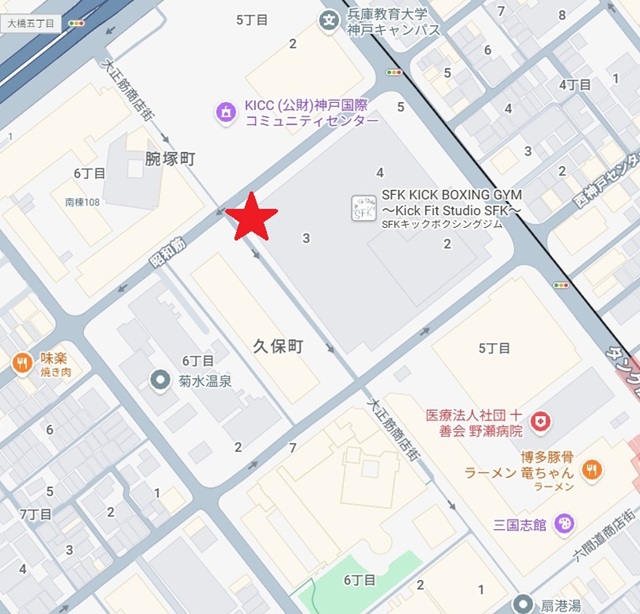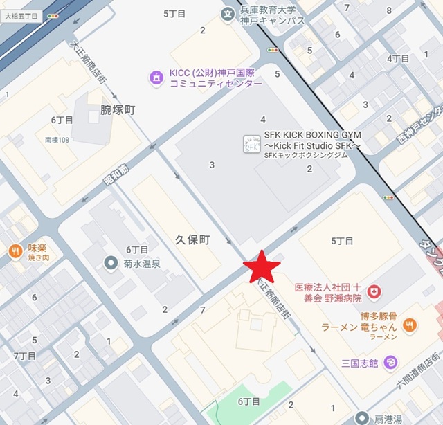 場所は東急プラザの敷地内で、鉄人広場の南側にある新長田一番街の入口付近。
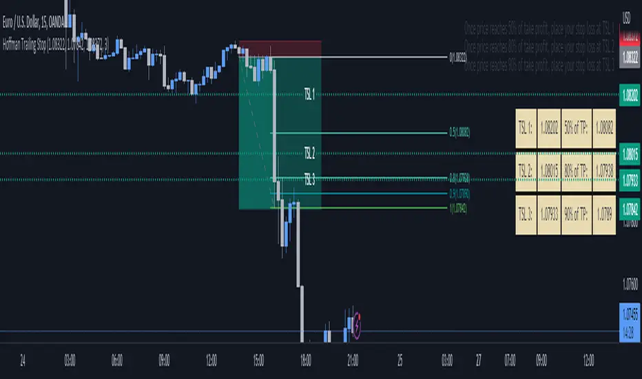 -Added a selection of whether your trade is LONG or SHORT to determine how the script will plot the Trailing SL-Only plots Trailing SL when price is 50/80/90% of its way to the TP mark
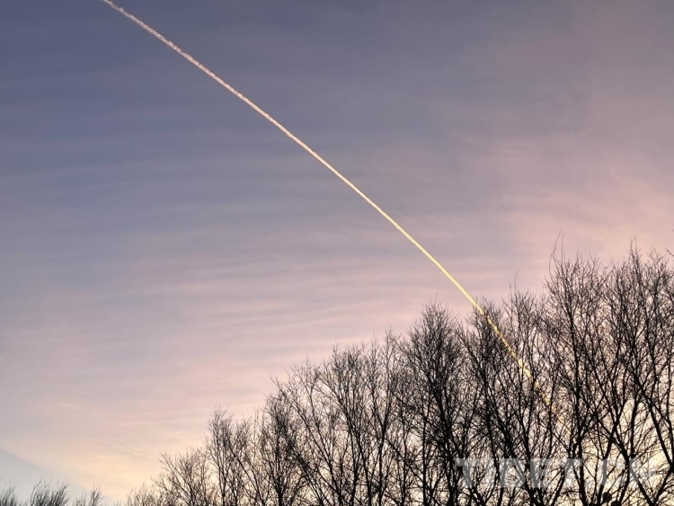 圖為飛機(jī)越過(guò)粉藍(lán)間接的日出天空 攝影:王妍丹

---+---

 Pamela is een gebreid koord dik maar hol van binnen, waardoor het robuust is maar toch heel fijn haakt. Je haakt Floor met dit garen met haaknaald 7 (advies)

---+---

### Exercise description
The reply should hold the entries above from the line with "場所は東急プラザの敷地内で、鉄人広場の南側にある新長田一番街の入口付近。" to the line with "圖為飛機(jī)越過(guò)粉藍(lán)間接的日出天空 攝影:王妍丹", duplicated exactly, pictures excluded.

### Written response
 場所は東急プラザの敷地内で、鉄人広場の南側にある新長田一番街の入口付近。
 -Added a selection of whether your trade is LONG or SHORT to determine how the script will plot the Trailing SL-Only plots Trailing SL when price is 50/80/90% of its way to the TP mark
 圖為飛機(jī)越過(guò)粉藍(lán)間接的日出天空 攝影:王妍丹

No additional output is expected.